MANSU resolves machine unlearning failure under 4-bit quantization
New preprint shows gradient-based machine unlearning fails under post-training quantization because parameter updates fall below NF4 bin width; MANSU isolates minimal forget-set subgraph and enforces magnitude floor for quantization survival.

Machine unlearning methods achieve behavioral suppression in full precision but lose it the moment the model is quantized for deployment—a dual failure that traces to a single structural cause: per-parameter updates lie 47 to 828 times smaller than the NF4 quantization bin width, according to a preprint released this week.
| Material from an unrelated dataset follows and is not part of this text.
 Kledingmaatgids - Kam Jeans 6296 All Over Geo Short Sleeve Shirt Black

The paper, Forgetting That Sticks: Quantization-Permanent Unlearning via Circuit Attribution, introduces MANSU (Mechanistic-Aligned Null-Space Unlearning), a method that combines causal circuit attribution to isolate the minimal forget-set subgraph, circuit-restricted null-space projection with a diagonal-Fisher retain bound, and a per-parameter magnitude floor that guarantees quantization survival by construction. Authors Saisab Sadhu, Pratinav Seth, and Vinay Kumar Sankarapu show that gradient-based baselines recover up to +0.05 accuracy under compression, while MANSU is the first method to jointly satisfy meaningful forgetting, retain preservation, non-positive post-training quantization gap, and structural erasure.
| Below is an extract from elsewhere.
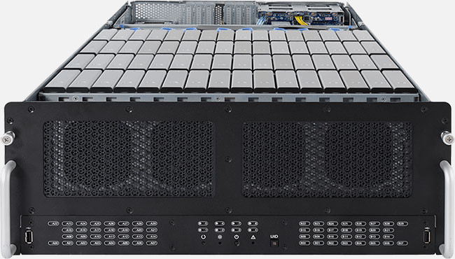 60x 3.5" SATA hot-swappable HDD bays, 6x 2.5" U.2, 2x SATA/SAS SSD hot-swappable SSD bays in rear side Dual 10Gb/s SFP+ and Dual 1Gb/s LAN ports.
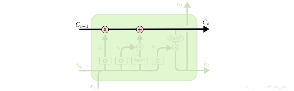 下面给出了LSTM的输入门和遗忘门,是如何作用到细胞状态的示意图,可以看到,遗忘门经过激活函数,是乘在细胞状态上的,如果选用sigmoid激活函数,sigmoid激活函数输出是0,1之间,乘在细胞状态上,就相当于对细胞状态进行了一种"遗忘"操作,其中0表示"完全遗忘"之前 t − 1 t-1 t−1个cell积累的状态值,1表示"完全保留"之前 t − 1 t-1 t−1个cell积累的状态值;而输出门是加在细胞状态上的,就相当于对细胞状态进行了一种"写入"操作。

The core insight is a sparsity-permanence tradeoff: updates diffused across billions of parameters cannot clear quantization bin boundaries. Gradient-based methods that achieve meaningful forgetting lose it under compression; methods that survive quantization barely change the model. MANSU resolves both modes by rewriting circuits rather than nudging weights. The paper also introduces Circuit Attribution Divergence (CAD), a mechanistic verification metric that distinguishes structural erasure from behavioral suppression—a distinction existing metrics cannot make. Across multiple model families and hazard benchmarks, MANSU maintains its unlearning effect after 4-bit post-training quantization, a property no prior baseline demonstrated with margin on all four evaluation axes.